Flink Time Semantics and Watermarks

Article Directory

1. Time Semantics in Flink

In Flink streaming, different concepts of time are involved, as shown in the following figure:

  • Event Time: The time at which the event was created.It is usually described by timestamps in events, such as collected log data, where each log records its own generation time, and Flink accesses the event timestamp through the timestamp allocator.
  • Ingestion Time: is the time at which data enters Flink.
  • Processing Time: is the local system time for each operator that performs a time-based operation, machine-dependent, and the default time attribute is Processing Time.

Which time semantics are more important?


For example, a log enters Flink at 2017-11-12 10:00:00.123 and reaches Window s at 2017-11-12 10:00:01.234. The contents of the log are as follows:

2017-11-02 18:37:15.624 INFO Fail over to rm2

For business, which time is most meaningful to count the number of failure logs in one minute?- EventTime, because we want to count the log generation time.

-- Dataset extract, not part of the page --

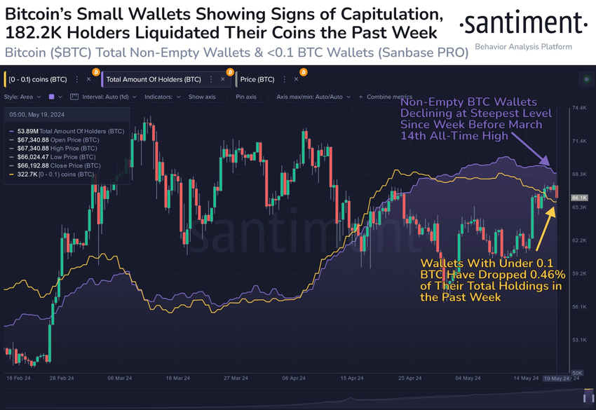 Dessutom indikerar Santiment-data att Bitcoin-plånböcker som innehar mindre än 0.1 BTC har minskat sina totala innehav med 0.46% under den senaste veckan.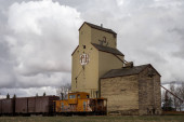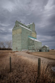 Brant, Alberta - 7 maja 2021: Stara winda zbożowa Alberta Pszenica Brant.

  • Different application scenarios at different semantic times
  • We tend to be more concerned with event time EventTime

2. Introduction of EventTime

In Flink streaming, the vast majority of businesses use eventTime, which is typically forced to use ProcessingTime or IngestionTime only if it is not available.

If you want to use EventTime, you need to introduce the time properties of EventTime as follows:

We can set the time characteristics of the stream by calling the setStreamTimeCharacteristic method directly in the code on the execution environment.

Specific time also requires extracting a timestamp from the data

val env = StreamExecutionEnvironment.getExecutionEnvironment

// From the call time to env Every created stream Append time characteristics
env.setStreamTimeCharacteristic(TimeCharacteristic.EventTime)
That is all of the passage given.